Page MenuHomePhabricator

File captions sometimes do not display
Closed, ResolvedPublic

Description

On some files with German captions, the caption is displayed (as a collapsed language):

Screen Shot 2019-01-16 at 4.24.38 PM.png (726×645 px, 230 KB)

On other files with a German caption, it is not:

Screen Shot 2019-01-16 at 4.24.12 PM.png (680×651 px, 345 KB)

Event Timeline

Strangely, I now do not see a German caption for the image in my original screenshot:

Screen Shot 2019-01-16 at 4.32.22 PM.png (679×665 px, 225 KB)

But I still do in another image:
Screen Shot 2019-01-16 at 4.32.39 PM.png (727×668 px, 194 KB)

Abit renamed this task from I see German captions on some but not all files to I see German captions on some but not all files with German captions.Jan 17 2019, 12:55 AM

Initial testing shows this one to be kind of odd. It seems sometimes this works and sometimes it doesn't, and it's not entirely clear why, even with files that were uploaded by the same user around the same time.

Perhaps the best way to test this is to look at all the files uploaded by GPSLeo on Jan 13 (https://commons.wikimedia.org/wiki/Special:Log?type=upload&user=GPSLeo&page=&wpdate=2019-01-13&tagfilter=&subtype=upload)

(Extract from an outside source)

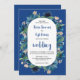 Arche moderne Boho bleu floral script arch avec joli peint à la main teintes chaudes de couleur bleue de l'année et vert foncé avec un masque rond. Parfait pour la fête de mariage à thème boho automne. Avec une typographie de script moderne.
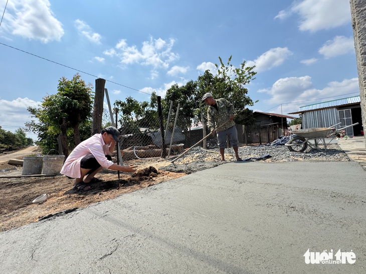 Anh Lý Nhau (áo hồng) tranh thủ làm sân trước nhà để phơi nông sản thu hoạch từ rẫy ở buôn cũ - Ảnh: TRUNG TÂN

All of those files display the problem in question EXCEPT the Lippendorf Power Station XX series. For all of those, the German caption appears just fine. Only difference I can initially see between the sets is that the Lippendorf files are used by a page, and the others are not.

As far as I can tell, this problem does not occur with newly uploaded files.

Pinging @Cparle and @Jdforrester-WMF for thoughts?

There's something up with the parser cache, afaics - if you purge the cache on any page with the caption missing then it shows up. Was actually talking to Matthias about this earlier - it's the same for captions I uploaded last week, in some cases the captions I uploaded are missing, but they show up when you do ?action=purge

Here's an example (please don't purge the cache on this page, or nobody else will be able to see what's wrong) https://commons.wikimedia.org/wiki/File:Landscape_around_surface_mine_Schleenhain_10.jpg - if you click on 'history' you can see that a caption was uploaded, but it's not getting shown. The fact that it works for new captions means the parser cache is being invalidated when something is added first, which suggests that the cache is being overwritten somehow, by some process that is not MCR-aware

We had a similar problem before with RefreshLinksJob, which @daniel fixed with this patch https://gerrit.wikimedia.org/r/c/mediawiki/core/+/465157

Could there be some other job that's not MCR-aware?

I think i it themes fixed now?
So only as additional information (I do not know if it is relevant): When I uploaded the files the field for the caption in UploadWizard was the same type as the description field and not the one-line field like it is now.

Ok I purged all the Landscape_around_surface_mine_Schleenhain pages *except* for _10, and they all display properly now.

Let's see if they stay in an ok state - if not then there's something weird going on

Cparle renamed this task from I see German captions on some but not all files with German captions to File captions sometimes do not display.Feb 7 2019, 1:51 PM
Cparle updated the task description. (Show Details)

Another thing - I wonder could @GPSLeo 's action on Jan 18 (see here https://commons.wikimedia.org/w/index.php?title=File:Lippendorf_power_station_04.jpg&action=history - according to @Abit 's comment above this image used to be ok) have triggered a non-MCR-aware job that corrupted the parser cache? @Jdforrester-WMF @MarkTraceur @matthiasmullie do you know of any jobs that might be triggered by such an action?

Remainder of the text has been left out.